Evaluative practices and persuasion in r/changemyview

Corpus pattern discovery and computer assisted annotation: movies versus religion

Daria Dayter (Tampere University) · Thomas C. Messerli (Universität Basel)
ICAME 47 · Koblenz · 2026

Researchers and acknowledgements

Project investigators Daria Dayter (Tampere University) Thomas C. Messerli (Universität Basel)

Research network Communicative Practices on Reddit (CopRe) www.copre.org

Messerli, T. C., Dayter, D., Leuckert, S., Liimatta, A., Mahler, H., Bohmann, A., Kozma, G., & Tosin, R. (2025). Digital debating cultures. DSH, 40(1), 227–240.

live preview, copre.org

What is r/changemyview?

“You must personally hold the view and demonstrate that you are open to it changing.” r/changemyview, Rule B

Debate forum. A subreddit where original posters (OPs) state a view as a starting point.

Original posters. OPs claim willingness to have their opinion changed.

Responses. Comments aim to change the OP’s opinion.

Delta award (∆). Given by the OP, it marks successful persuasion.

r/changemyview: example of a delta awarded comment

CMV: I don’t believe suffering the death of a spouse is inherently more painful than being left by your spouse.
There seems to be much stronger sympathy for widows than for people who survived an unwanted divorce, while I think each situation is different. A divorce does not necessarily mean the relationship was not good …

submission / original post

Delta awarded response
I think the biggest sympathetic difference would be in the actual timing. In divorce there is a long process. Death can often be sudden. There are no details to negotiate, no easing into, it just is. …

DeltaBot Confirmed: 1 delta awarded …

Our research aim and questions

Overarching goal. Explore persuasion in r/changemyview, where the delta (∆) marks a comment that changed the OP’s view.

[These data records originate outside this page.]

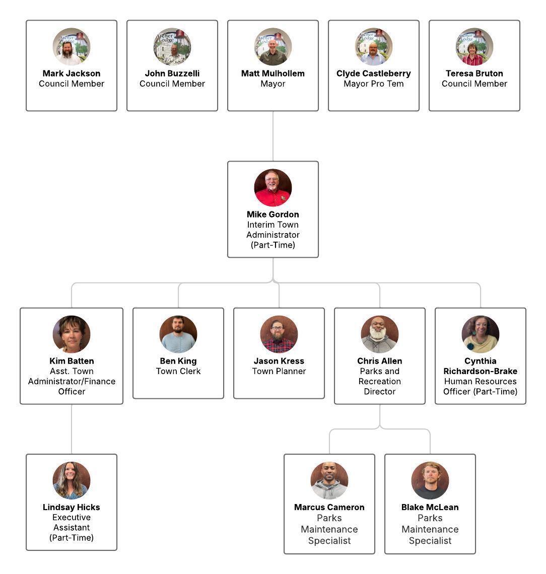 The Town of Archer Lodge operates under the Mayor-Council form of government. Under the Mayor-Council form of government the Town Administrator works with staff to achieve goals and policies set forth by the Council. This means that the Council has oversight over the Administrator, and the Administrator takes care of the day-to-day operations of the Town.
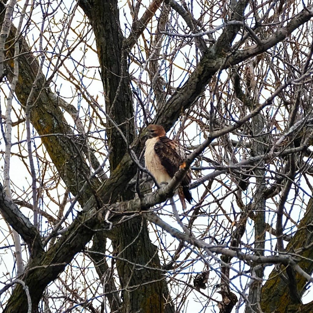 There was no sign of the bufflehead or the mergansers this morning, and a blue heron was on the east shore up ahead, but someone else flushed it out, probably inadvertently, before I could get close enough. Instead, I did manage to get this image of a red-tailed hawk high above the far shore. Perhaps it’s the same one we saw just Monday.
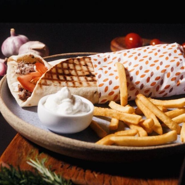 Pão sírio caseiro, pasta de alho, tiras de carne, picles caseiro.
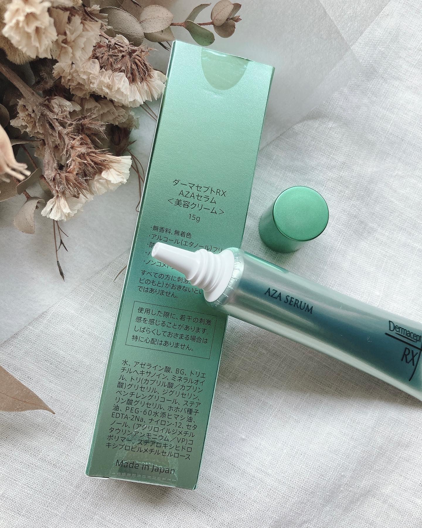 AZAセラムはアゼライン酸(整肌保湿成分)配合した高機能セラム 毛穴や皮脂が気になる 繰り返す肌トラブルが悩み つるんとした肌になりたい 日本製、そしてダーマセプトRXの専用相談ダイヤルがあるので安心して使えるのも嬉しいところ
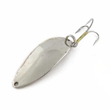 Tento exemplář od společnosti Seneca Lure s ikonickou vyraženou tanečnicí „Hula Girl“ na zadní straně představuje klasický kus americké rybářské historie. Plandavka o hmotnosti 1/2 oz (14 g) má kovový povrch v kombinaci niklových a zlatých tónů. Tento konkrétní model s produktovým kódem 23766 nese původní označení Seneca, které pochází z doby před akvizicí značky firmou Acme na začátku 80. let. Mnoho rybářů vyhledávalo právě tuto verzi kvůli symbolu tanečnice, což je detail, který byl u pozdějších sérií vynechán. Tělo o délce 2 1/4" (5,5 cm) je osazeno trojháčkem, který má u očka ovin ze žluté nitě. Nástraha vykazuje známky používání a uložení v rybářských krabičkách, její stav odpovídá hodnocení 3/5. Konstrukci tvoří kovový plát ve tvaru kapky s jedním spojovacím kroužkem pro uchycení háčku k ocasní části.
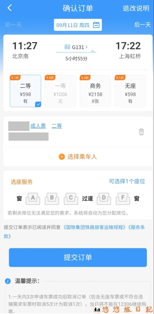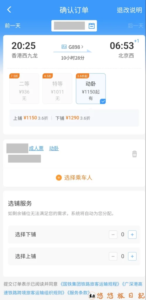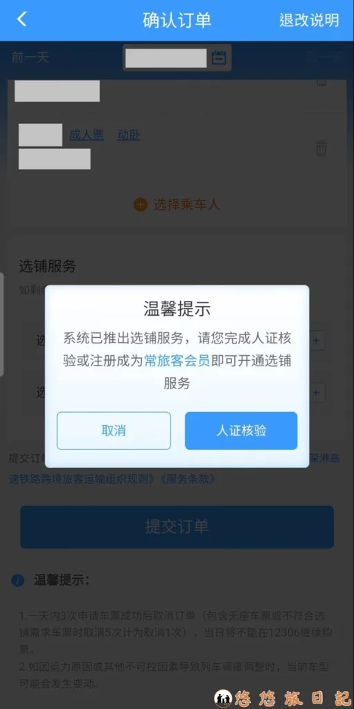 如果是一般火車座位的話可以直接指定座位偏好,但是如果是臥鋪火車的話,指定上下鋪需要人證核驗,蠻麻煩的需要層層驗證關卡…
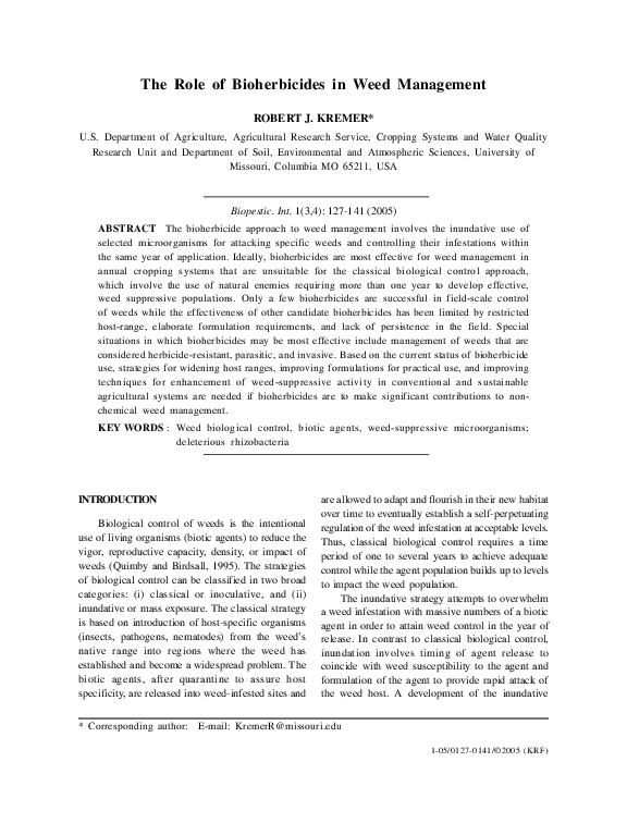(PDF) The Role of Bioherbicides in Weed Management

This subproject. Examine evaluative practices in delta and non-delta comments, focused on the assessment of the OP’s argumentation.

Research questions

How do commenters evaluate the OP’s argument, and how explicit or implicit is that evaluation?
Does it differ across two contrasting topics, movie_character (taste) and god_religion (value)?
Does assessing the argument relate to persuasive success (the delta)?

Data and two topic design

Corpus preparation

Source: the r/changemyview corpus, submissions and comments from 2013 to 2020.
Tagged for part of speech, lemma and dependency with spaCy. A first pass with en_core_web_sm encoded the corpus into NoSketch Engine; we then re-tagged the same token streams with en_core_web_trf, a transformer model built on RoBERTa, for higher accuracy while keeping the tokenisation fixed. All queries use the transformer tags.
Three sub-corpora: submissions (cmvsub), delta winning comments (cmvdelta), and a general comment reference (cmv500k).

Topic modelling

We ran BERTopic over the submission texts (title plus body) to group threads by what they are about. Embeddings from all-MiniLM-L6-v2, with min_topic_size = 200 so the model returns a few dozen well populated topics rather than hundreds of tiny ones.
That produced 75 fine grained topics, which we merged hierarchically and curated by hand into broader labels: movie_character, god_religion, us_politics, relationship_sex, animals_meat and school_college, among others.
We drew a stratified sample by topic and role, and for this talk compare the two that sit at opposite ends: movie_character (taste) and god_religion (value).

Methodology: a corpus and annotation cycle

Stage 1, corpus. Slot alternation patterns in NoSketch Engine (Hanks, 2013) surface candidate evaluative structures, but reach only about 2.7% of sentences.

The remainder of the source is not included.